Arnie with male broodstock at the original Bay d’Espoir hatchery in Camp Boggy, St. Alban’s, N.L.
Photo: T. Benfey

The lure of development brought Arnie back to Newfoundland in 1986 to begin construction of the first salmon hatchery at Camp Boggy next to the Bay d’Espoir hydro plant, near St. Alban’s, N.L., the thought being the warmer spill water could increase growth of the fish to smolt size. John Holder was hired by Arnie to construct the hatchery and become its first manager.  Meanwhile Arnie continued to assist local entrepreneurs in developing net-pen technology as well as hatchery-nursery technology through the 1980s. Following this, he did a stint in Indonesia and Southeast Asia before being recruited to A/F Protein Inc. in the early 1990s by Dr. Fletcher, the patent holder on AquAdvantage transgenic Atlantic salmon, containing a Pacific salmon growth hormone gene in its genome.

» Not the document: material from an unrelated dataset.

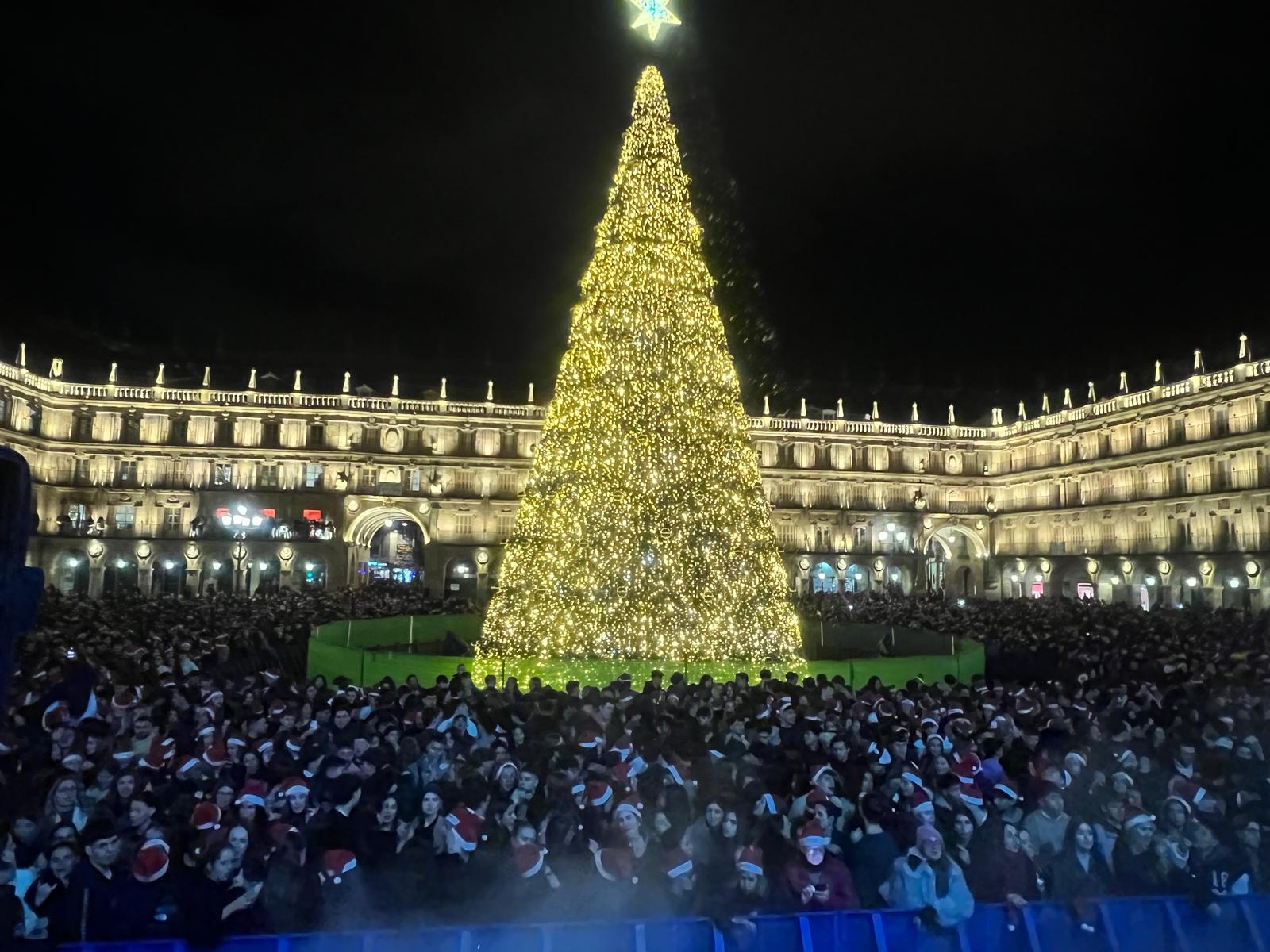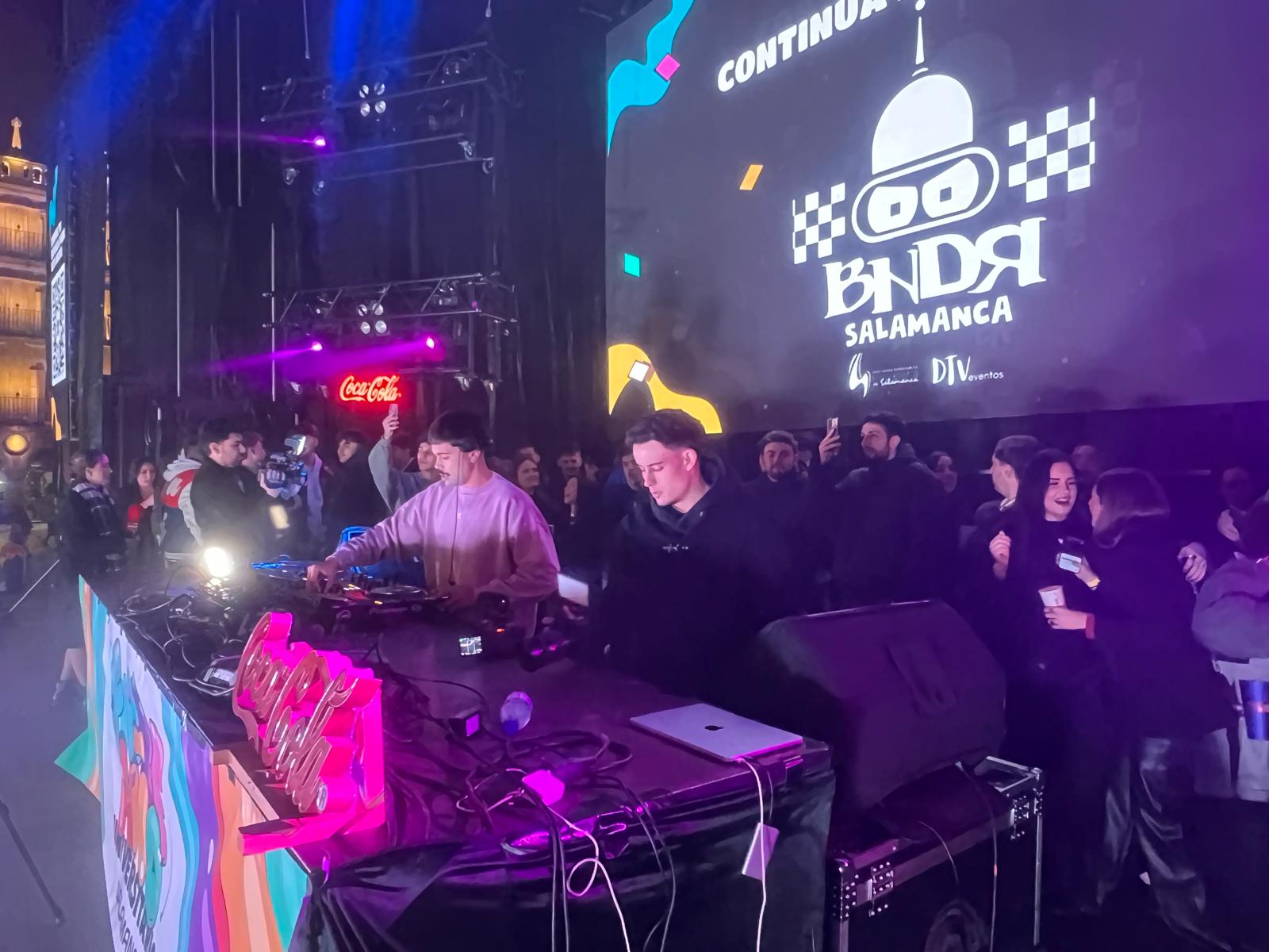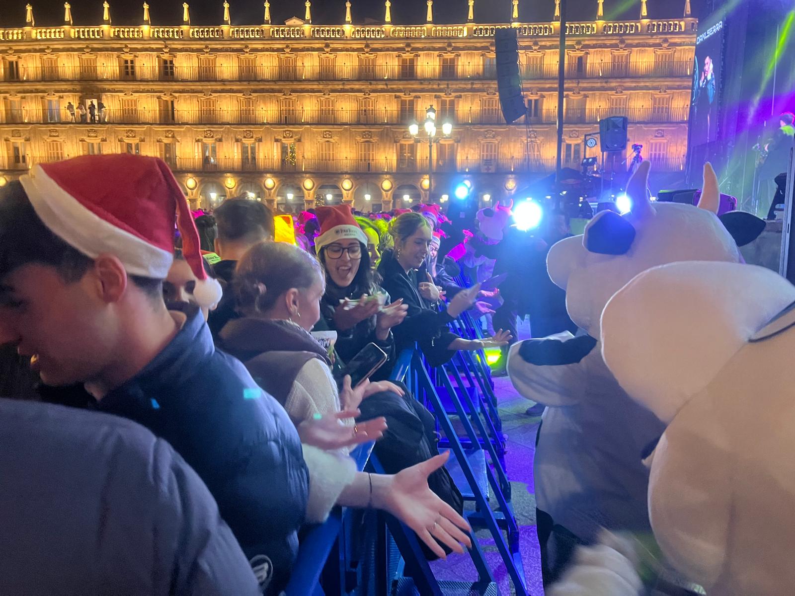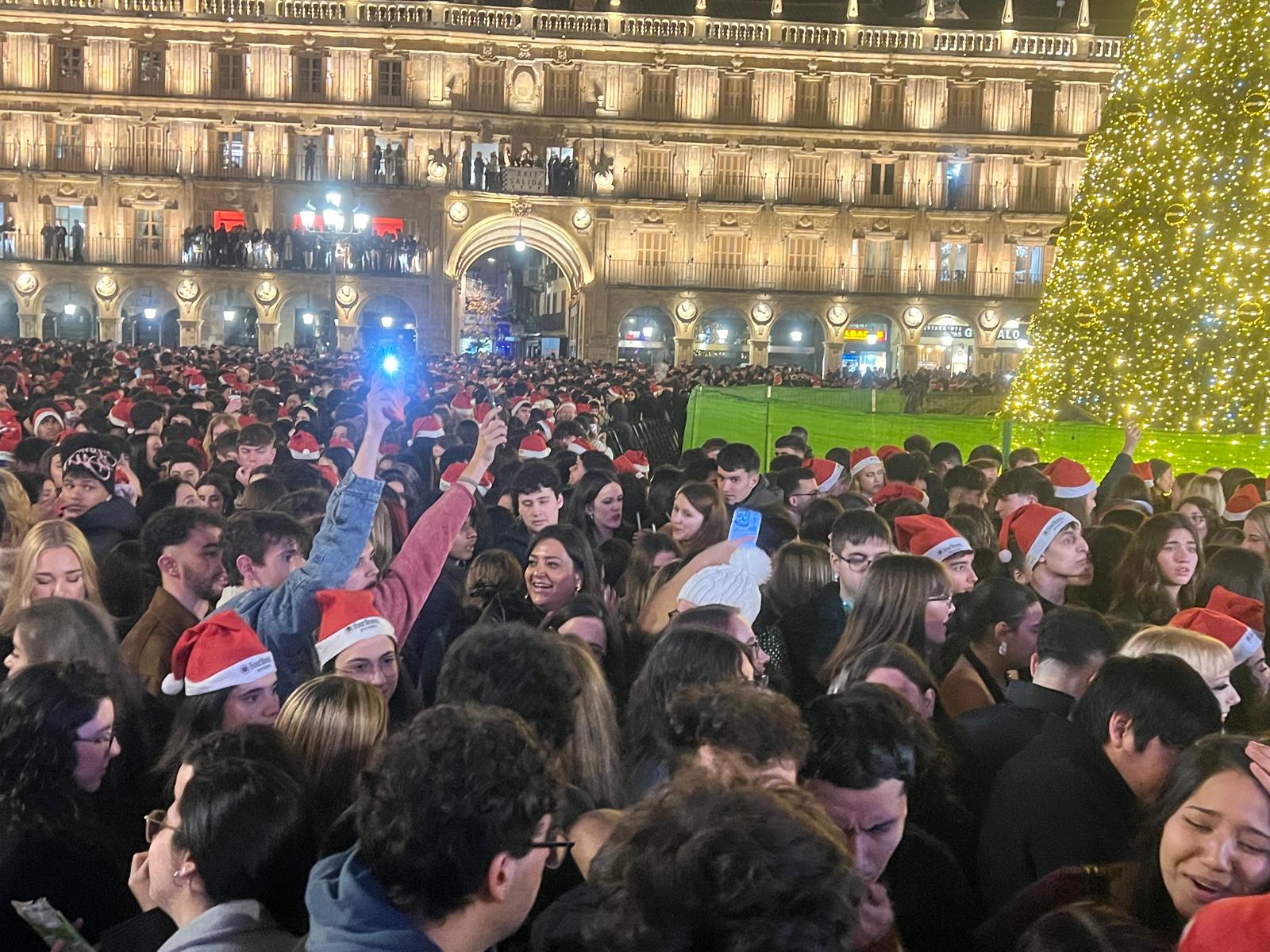 Miles de jóvenes han desafiado al intenso frío de la noche salmantina y, un año más, han abarrotado la Plaza Mayor para celebrar el Fin de Año Universitario.

Arnie moved to PEI to assist in the research and development of A/F Protein’s broodstock, development of all-female triploids, and further developing RAS technology for land-based salmon farming. A/F Protein Inc. eventually traded as AquaBounty Farms in the early 2000s and later to AquaBounty Technologies to begin the long arduous process of seeking approval to farm GM salmon for food with the U.S. Food and Drug Administration (FDA) and with Health Canada and Canadian Food Inspection Agency.  All the while, Arnie was involved in mentoring graduate students (Cogswell and Cook) at the facility, as well as staff, working on husbandry improvements for the fish and developing improved methods for farming overall. 

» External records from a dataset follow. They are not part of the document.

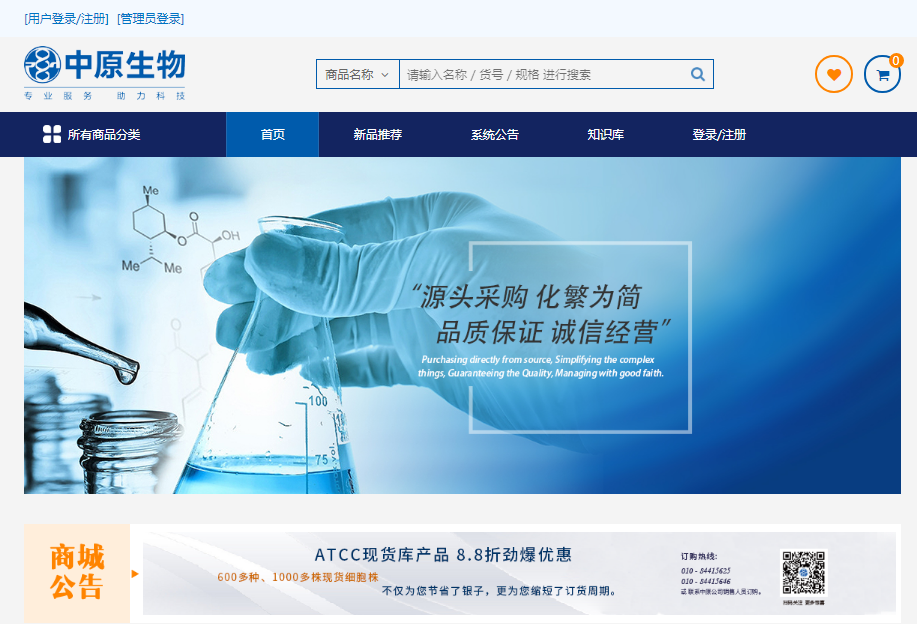 中原公司一直以“推动生命科学事业,服务于全人类健康”为使命!面对日新月异的全球生物产业热点需求,中原公司不断提高服务水平,充分发挥自身优势,服务理念从“传统模式”向“互联网+模式”升级。中原公司网上商城于2019年5月1日正式上线。2019-05-07 09:20:00.0
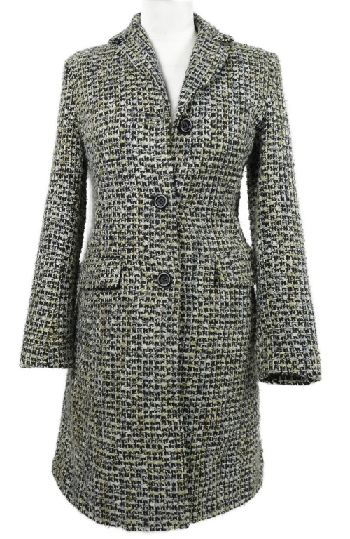 Dámsky čierno-béžovo-svetlomodrý vzorovaný kabát
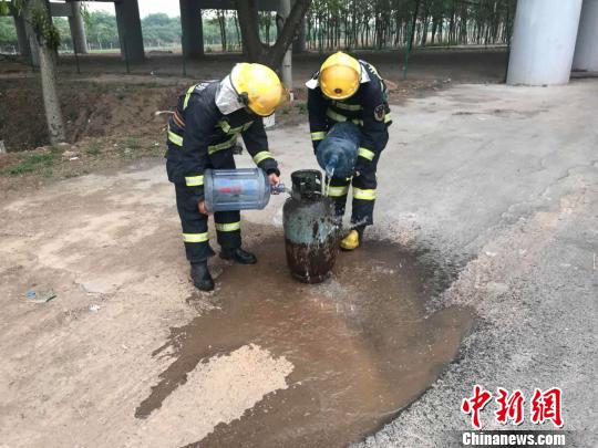 接到報(bào)警后,榆次區(qū)焦化路消防中隊(duì)迅速出動(dòng)2輛消防車(chē)、9名官兵趕赴現(xiàn)場(chǎng)。到達(dá)現(xiàn)場(chǎng)時(shí),液化氣罐正在持續(xù)噴火,火苗已經(jīng)烤裂了部分玻璃,好在沒(méi)有引燃彩鋼板,也沒(méi)有造成人員被困。
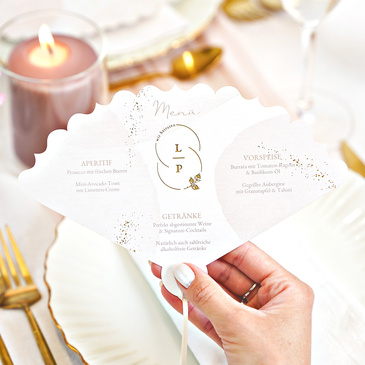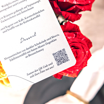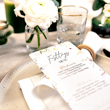 Hurra, Ihr sagt Ja und feiert mit allerlei Köstlichkeiten Euer gemeinsames Glück. Selbst gestaltete Menükarten verleihen Eurem Festmahl das gewisse Extra und verraten auf charmante Weise, welche kulinarischen Highlights auf Eure Gäste warten. Mit unseren kreativen Designs und abwechslungsreichen Formaten verwandelst Du Deine Speise- und Getränkeauswahl im Nu in ein kleines Kunstwerk – auf Wunsch sogar mit kostenlosem digitalem Fotoalbum zum Bilder sammeln und teilen.

Arnie was a true pioneer in finfish aquaculture in Canada, and he spent some time on the Board of Directors of the Aquaculture Association of Canada in the 1990s, was a founding member of the Aquaculture Association of Newfoundland (AANF 1987) and was recognized in the early 2000s as the Atlantic Canada Aquaculturist of the Year. Arnie once told me he had little patience for “no-can-do attitudes and bureaucracy”, and just to get on with it. His efforts certainly show how he excelled with this attitude; one many aspire to emulate. His exceptional development skills and willingness to go beyond the confines of the ordinary, as well as his curiosity, made for an inventive and productive career in Canadian aquaculture. Arnie will be missed by all those who knew him, and I am sure we will miss that twinkle in his eyes when coming up with a new idea or solution or concept to feed his curiosity.